Neither do they have a photo or drawing of it. However, using StreetView an object like a
sundial cam be seen among the pines in more or less the correct position and is
apparently known as ‘The Queen’s Forest Pillar’ a name presumably connected to
the fact that the surrounding area is shown on the map as The Queen’s Forest.
As outlined above the Glenmore Lodge I
stayed in in 1954 is now the Loch Morlich Youth Hostel. It
later became the Cairngorm Lodge Youth Hostel.
A new build, Scotland’s National Outdoor Training Centre, a short
distance to the east of Glenmore Lodge, was opened 1996 and appropriated the
one word name Glenmore. This complicated
nomenclature means that many of the maps and other manifestations of the area’s
geography are incorrect and/or out of date, ironic for institutions one of
whose major aims is to teach hill walking visitors how to use maps. The web site of the Reindeer Centre at
Glenmore also claims that SatNav directions will take you to the wrong place –
all part of the magic of the Highlands no doubt.
When we rived at Glenmore Lodge males were
separated from females and we were allocated bunk beds in dormitories of half a
dozen people. Very utilitarian with
bland pale blue and cream walls and rough blankets. We all had to stow our walking boots and
other outdoor accoutrements and then assemble in the dining room for our first meal
for which we sat on benches on either side of long trestle tables. Then we were mustered for briefing before
outdoor activities began. This walking,
climbing, sailing and kayaking I will cover in another chapter
On some of the evenings there were social
activities and I particularly remember everyone singing this song with its
words and tune ringing through the ceilidh on the last evening of the course.

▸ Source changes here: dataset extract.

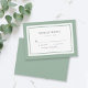 Cette carte de mariage classique moderne RSVP comporte une couleur modifiable; pour changer la couleur de la bordure et de l'arrière - plan arrière de la couleur verte sauge à la couleur de votre choix, cliquez sur le bouton personnaliser et changez simplement la couleur de l'arrière - plan avant et arrière. Personnalisez-le en remplaçant le texte de l'espace réservé. Pour plus d'options comme changer la police, sa taille et l'espacement entre les lettres cliquez sur le bouton "Personnaliser". *Veuillez noter que le filigrane Zazzle qui apparaît dans l'aperçu du zoom n'apparaîtra PAS sur le produit imprimé final. © Bois de rose et agrumes
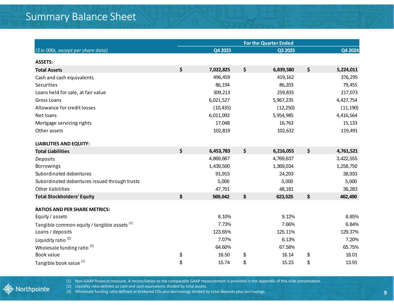 8 Summary Income Statement ($ in 000s, except per share data) Q4 2025 Q3 2025 Q4 2024 Interest income $ 106,123 $ 101,836 $ 82,701 Interest expense 62,626 61,505 52,679 Net interest income before provision 43,497 40,331 30,022 Provision (benefit) for credit losses and unfunded commitments (608) 828 (446) Net interest income after provision 44,105 39,503 30,468 Non-interest income 21,640 24,029 13,613 Non-interest expense 33,777 34,358 29,437 Income before income taxes 31,968 29,174 14,644 Income tax expense 8,325 7,001 3,656 Net Income 23,643 22,173 10,988 Preferred stock dividends 5,247 2,041 2,144 Net Income Available To Common Stockholders $ 18,396 $ 20,132 $ 8,844 Basic Earnings Per Share $ 0.53 $ 0.58 $ 0.34 Diluted Earnings Per Share $ 0.52 $ 0.57 $ 0.34 For the Quarter Ended

From Perth up to Dalwhinnie
And on to
Aviemore
The hills
and aw there splendour
Would set
my heart a glow
You’ll make
the open highway
And head
for old Glenmore
The tune appears to
be The Lights of Lochindaal a Scottish dance tune about Islay and I like
the version on YouTube by Jack Sinclair's Television Showband. The words I knew are thought to have been
written to the tune perhaps by someone at Glenmore Lodge. The song is a couple of lines short but the last
two lines can be repeated at the end of the verse, The hills and aw there splendour
should perhaps be The hills and all their splendour.
Despite the healthy and invigorating
activities, the young people on the course soon tended to form into male/female
pairs. Somehow, by the end of the first
week, I found myself increasingly involved with a girl from Edinburgh called
Faye. We had very innocent, fully
clothed wrestling matches on her bunk bed.
Being an only child and at boys boarding school from the age of twelve I
knew very little about women either mentally or physically and, I am sure, Faye
knew very little about men in those far off days when sexual relations were
still very restrictive and contraception unreliable or non-existent. I had never had a sex education lesson or a
biological chat from my mother or father.
Faye was a lively and warm young woman with a posh Edinburgh accent and
now, after all these years, I particularly remember the soft and fluffy very
feminine pink jumper she often wore and her bright scarlet lipstick. After we returned to our respective homes
from Glen More we wrote love letters to one another from time to time and hers
would always be drenched in perfume and have SWALK inscribed in that bright
scarlet lipstick on the back of the envelope.